## WHAT IS NEEDED
From the records that follow, return exactly the lines beginning at the one that contains "As previously reported, Mu-12" and ending at the one that contains "Chappy was 12", pictures left out.

## RECORDS TO USE

>>>

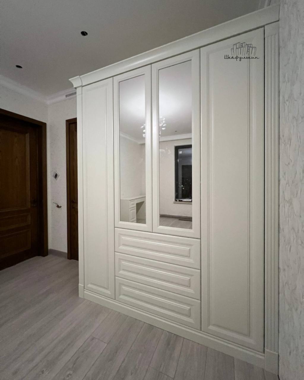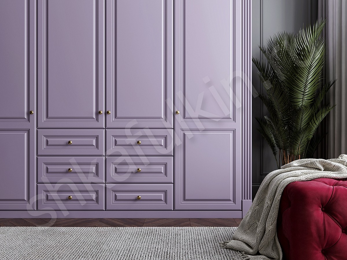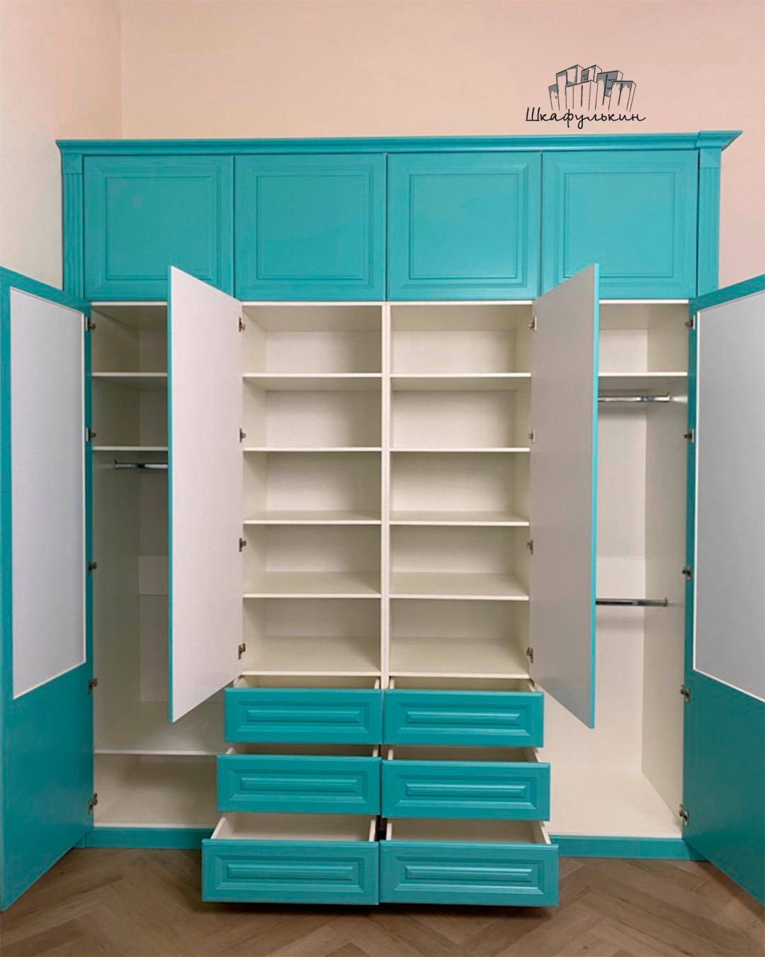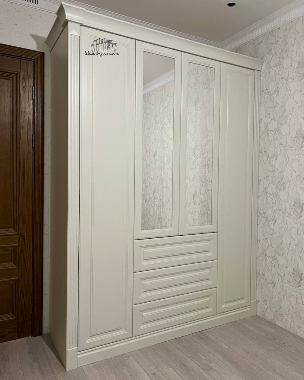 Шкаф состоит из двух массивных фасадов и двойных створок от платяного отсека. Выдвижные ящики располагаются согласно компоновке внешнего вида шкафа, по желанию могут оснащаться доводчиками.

<<<
>>>

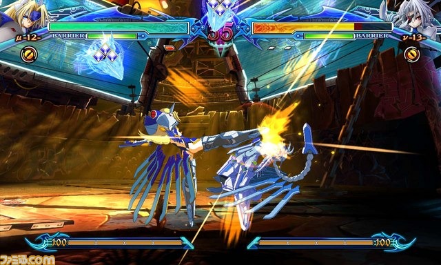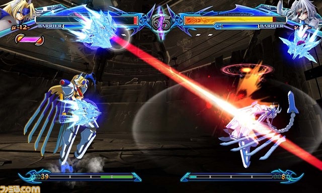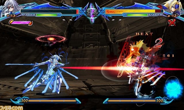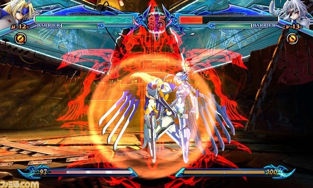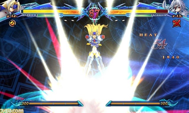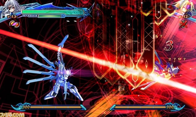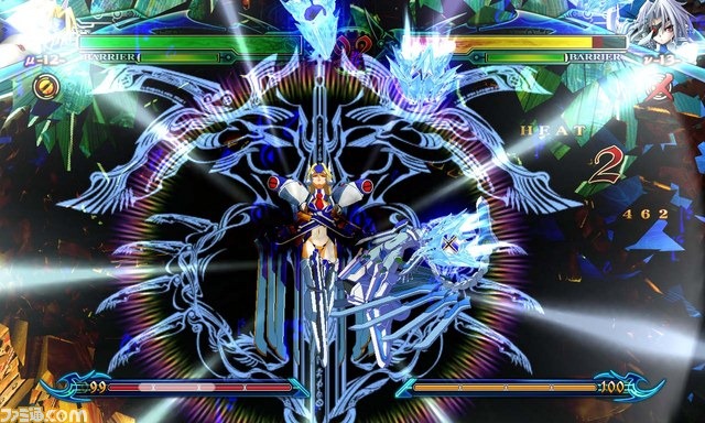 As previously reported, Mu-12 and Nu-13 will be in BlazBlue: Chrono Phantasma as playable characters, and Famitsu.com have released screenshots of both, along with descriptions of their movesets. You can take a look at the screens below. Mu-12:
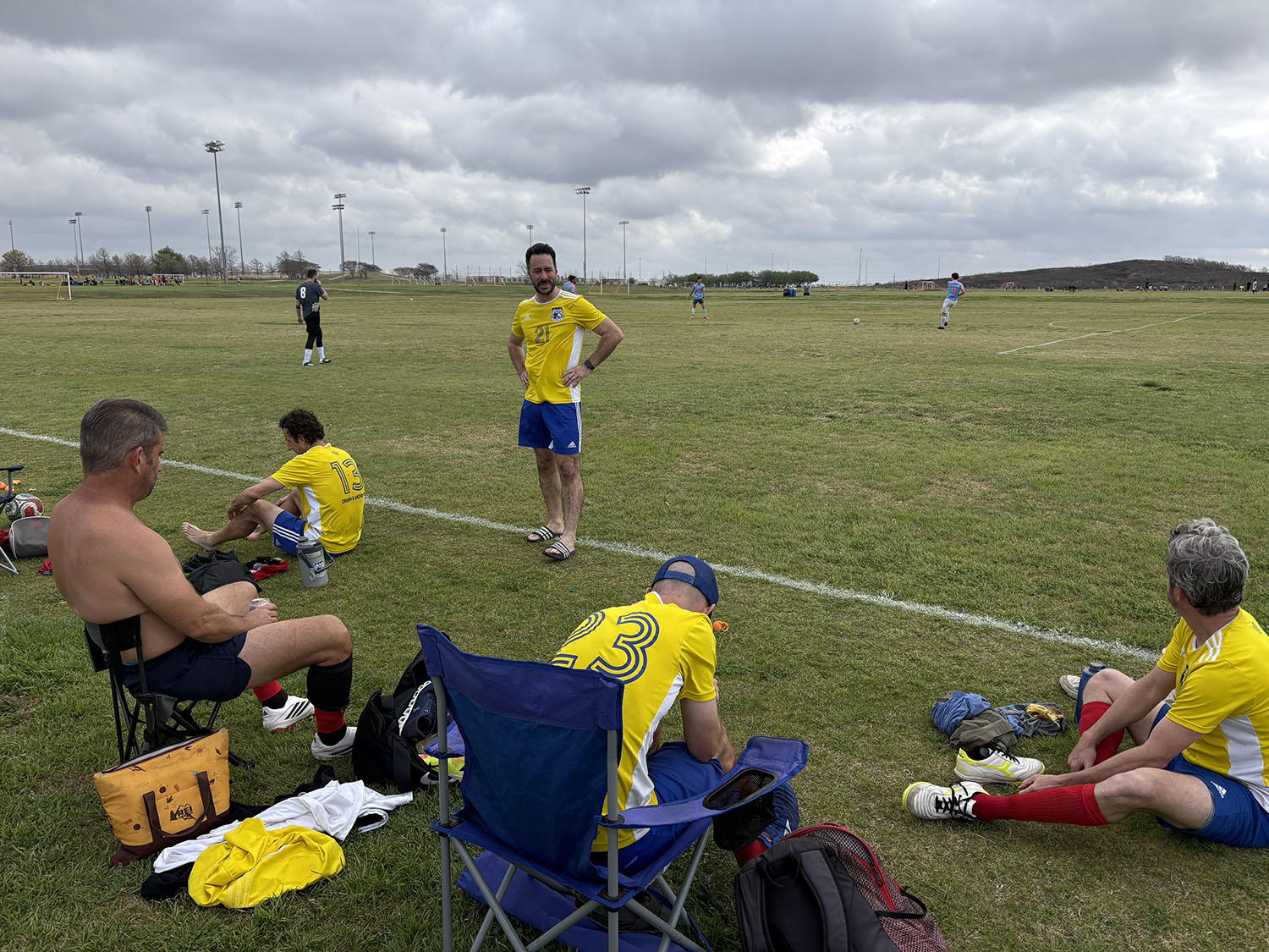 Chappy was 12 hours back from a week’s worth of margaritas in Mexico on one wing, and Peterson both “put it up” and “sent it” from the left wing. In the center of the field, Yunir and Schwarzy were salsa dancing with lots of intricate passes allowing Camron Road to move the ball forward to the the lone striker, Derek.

<<<

## RESPONSE TO THIS EXERCISE
 As previously reported, Mu-12 and Nu-13 will be in BlazBlue: Chrono Phantasma as playable characters, and Famitsu.com have released screenshots of both, along with descriptions of their movesets. You can take a look at the screens below. Mu-12:
 Chappy was 12 hours back from a week’s worth of margaritas in Mexico on one wing, and Peterson both “put it up” and “sent it” from the left wing. In the center of the field, Yunir and Schwarzy were salsa dancing with lots of intricate passes allowing Camron Road to move the ball forward to the the lone striker, Derek.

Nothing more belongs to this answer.